[Records from a data collection]

==*==

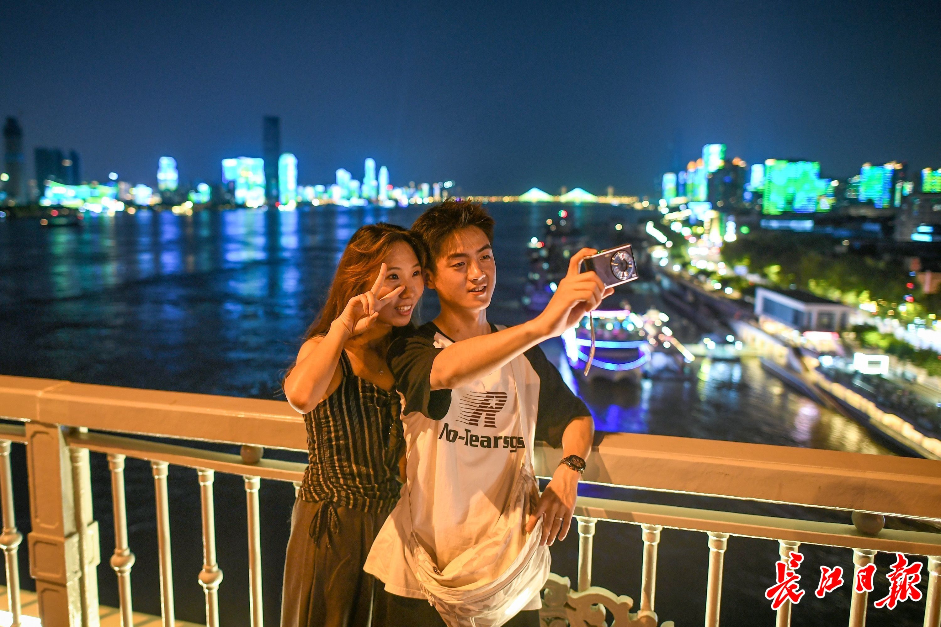 夏夜里,来自五湖四海的游客徒步长江大桥,观看两江四岸炫彩的灯光秀,感受夏夜武汉的魅力。据武汉市公安局交通管理局大桥大队统计,自6月下旬以来,夜游武汉长江大桥的游客成倍增长,双休日期间更是人流如潮。
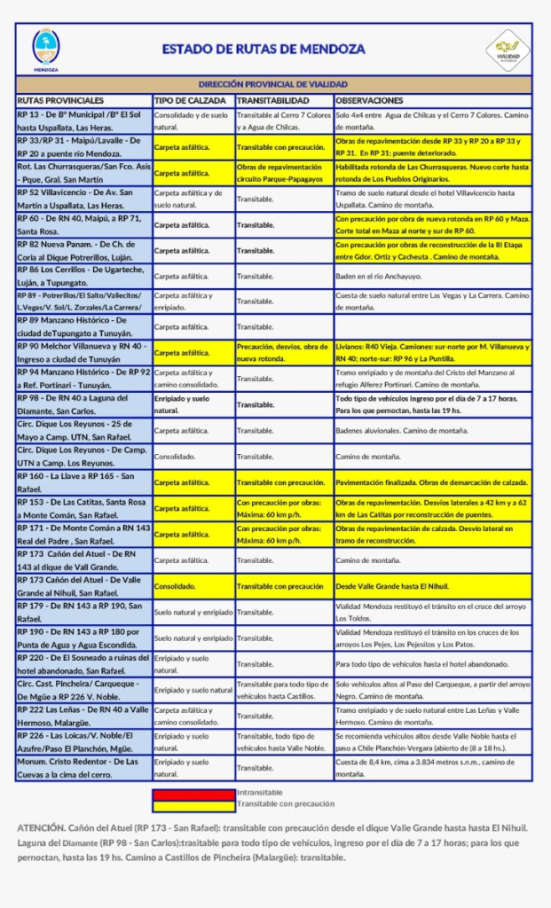 Provinciales Estado de las rutas en Mendoza 15 enero, 202615 enero, 2026 Otras Voces MDZ 0 comentarios
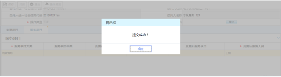 6、點(diǎn)擊“提交”按鈕,系統(tǒng)將提示提交成功,該申請(qǐng)?zhí)峤坏蕉悇?wù)機(jī)關(guān)系統(tǒng)中,申請(qǐng)操作全部完成。
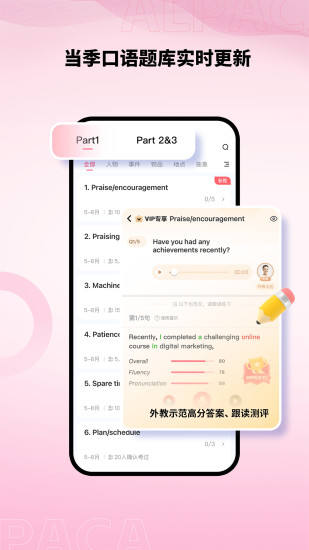 趴趴雅思为雅思考试官方金级合作伙伴,致力于为广大烤鸭提供科学有效的备考素材及提升方法,帮助烤鸭一站分手雅思! 我们将为你提供的亮点功能: 【口语题库+答题素材+素材音频】 当季题库第一时间更新,新题抢先练!所有素材均由雅思前考官审核,真正地道表达~P2部分十种题材可供选择,素材更具针对性! 【写作各题型题目范例+高分范文】 写作老大难?趴趴明星师资每季度梳理当季高频题型,搭配高分范文参考,备考更有方向! 【真人外教口语模考陪练】 口语备考,练习少不了。25mins/次视频通话,专业外教1V1模拟考场问答,还原真实考试体验~便捷预约板块,灵活约课~ 【听说读写全科机经】 高命中率机经收录,听阅均为趴趴汇总收集的近10年来高频考题,口语写作当季重点题型题目定期更新 【雅思公益课】 明星级老师定期免费开放公益课程,雅思必考难点、备考思路免费学! 【雅思训练营】 每期免费开设督促打卡学习~不论你是雅思小白或是冲刺备考,这里总有和你志同道合的的小伙伴一起努力!
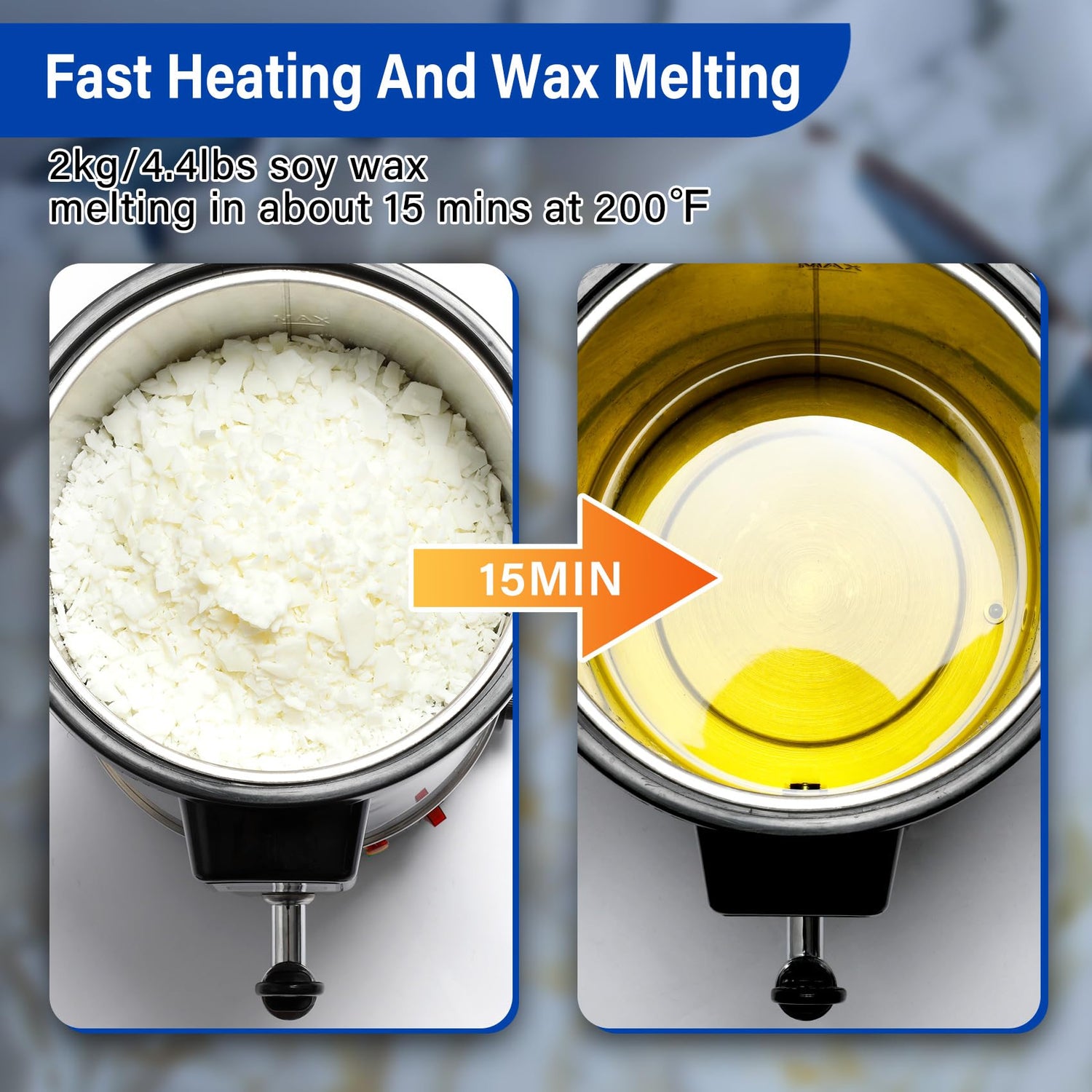 - Fast Heating and Wax Melting: 1100W candle wax melter pot melts 4.4 lbs soy wax in 15 mins at 200℉. The temperature will rise to its maximum, then drop to the set temperature. Due to residual heat, there may be a +/-5°C temperature difference, ensuring your wax is melted perfectly.

==*==

--- Aim of the task ---
Print all records word for word, no images.

--- Result for this exercise ---
 夏夜里,来自五湖四海的游客徒步长江大桥,观看两江四岸炫彩的灯光秀,感受夏夜武汉的魅力。据武汉市公安局交通管理局大桥大队统计,自6月下旬以来,夜游武汉长江大桥的游客成倍增长,双休日期间更是人流如潮。
 Provinciales Estado de las rutas en Mendoza 15 enero, 202615 enero, 2026 Otras Voces MDZ 0 comentarios
 6、點(diǎn)擊“提交”按鈕,系統(tǒng)將提示提交成功,該申請(qǐng)?zhí)峤坏蕉悇?wù)機(jī)關(guān)系統(tǒng)中,申請(qǐng)操作全部完成。
 趴趴雅思为雅思考试官方金级合作伙伴,致力于为广大烤鸭提供科学有效的备考素材及提升方法,帮助烤鸭一站分手雅思! 我们将为你提供的亮点功能: 【口语题库+答题素材+素材音频】 当季题库第一时间更新,新题抢先练!所有素材均由雅思前考官审核,真正地道表达~P2部分十种题材可供选择,素材更具针对性! 【写作各题型题目范例+高分范文】 写作老大难?趴趴明星师资每季度梳理当季高频题型,搭配高分范文参考,备考更有方向! 【真人外教口语模考陪练】 口语备考,练习少不了。25mins/次视频通话,专业外教1V1模拟考场问答,还原真实考试体验~便捷预约板块,灵活约课~ 【听说读写全科机经】 高命中率机经收录,听阅均为趴趴汇总收集的近10年来高频考题,口语写作当季重点题型题目定期更新 【雅思公益课】 明星级老师定期免费开放公益课程,雅思必考难点、备考思路免费学! 【雅思训练营】 每期免费开设督促打卡学习~不论你是雅思小白或是冲刺备考,这里总有和你志同道合的的小伙伴一起努力!
 - Fast Heating and Wax Melting: 1100W candle wax melter pot melts 4.4 lbs soy wax in 15 mins at 200℉. The temperature will rise to its maximum, then drop to the set temperature. Due to residual heat, there may be a +/-5°C temperature difference, ensuring your wax is melted perfectly.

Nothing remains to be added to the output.